Sri Aurobindo’s Savitri

A poem which went through several revisions over 50 years, each time renewed with the growth in Sri Aurobindo's consciousness.

Sri Aurobindo’s Savitri

There is a teacher present in every line of Savitri – the consciousness of Sri Aurobindo himself.

                                                                                      Mangesh Nadkarni

Savitri is perhaps the best known and least understood work of Sri Aurobindo. Its fascination lies partly in the insurmountable challenge it presents to those who try to understand it at the mental level. Running into about 24,000 lines, Savitri is one of the longest poems in the English language.

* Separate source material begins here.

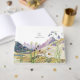 A beautiful watercolor wildflower and mountain wedding design. A unique design that uses watercolor wildflower botanicals and a watercolor mountain landscape in the background. A modern wild floral design with lakeside mountains and rivers. An elegant wedding guest book design with modern elements. Matching wedding invitations and other stationery items are also available.
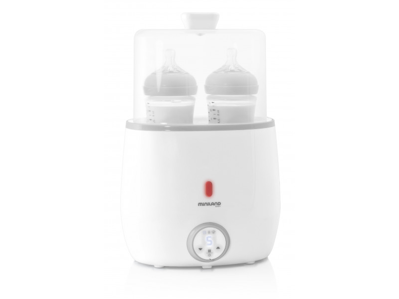 Ohřívačka pro dvě kojenecké láhve Miniland Warmy Twin je ideální řešení pro rodiče dvojčat. Ohřívačka rychle a snadno ohřeje či sterilizuje současně dvě kojenecké lahvičky nebo skleničky s příkrmem.Ohřívačka mléko či příkrm jemně a šetrně ohřívá pomocí páry, takže veškeré nutriční hodnoty mléka i...

Raymond Frank Piper, an American scholar, has described it as

“perhaps the most powerful artistic work in the world for expanding man’s mind towards the Absolute”.

Savitri is also the principal character of a legend in the Mahabharata. In that legend, there is a king, Aswapathy, who does not have a child. His intense prayers are answered with a daughter, Savitri. Savitri gets married to Satyavan, who dies one year after the marriage. Savitri follows him, and pleads with Yama, the god of death, for the return of Satyavan. Yama goes on granting her one boon after another in an attempt to persuade her to go back to earth and not insist on getting Satyavan back. Finally, he grants her also the boon of getting children. She asks him how she can have children if her husband is no more with her. Thus trapped, Yama returns Satyavan to Savitri, and they both return to earth. Sri Aurobindo has used this legend as a symbol and developed it into an epic of gigantic proportions.

In Sri Aurobindo’s Savitri, King Aswapathy does not want a child: he seeks the end of all human problems. Further, he wants the solution to human problems right here on earth, not in some distant heaven. With this mission, he embarks on an inner exploration. He finally secures from the Divine Mother the promise that “One shall descend and break the iron Law, Change Nature’s doom by the lone Spirit’s power.” (Book 3, Canto 4). Savitri is the material expression of this boon secured by Aswapathy. In Sri Aurobindo’s Savitri, the marriage of Savitri and Satyavan symbolizes the intense involvement of Savitri in the fate of mankind. Satyavan is a man subject to pain, suffering and death, and when death does visit him, Savitri seizes the opportunity to embark on her mission of establishing heaven on earth. Securing the release of Satyavan from the god of death symbolizes the accomplishment of her mission.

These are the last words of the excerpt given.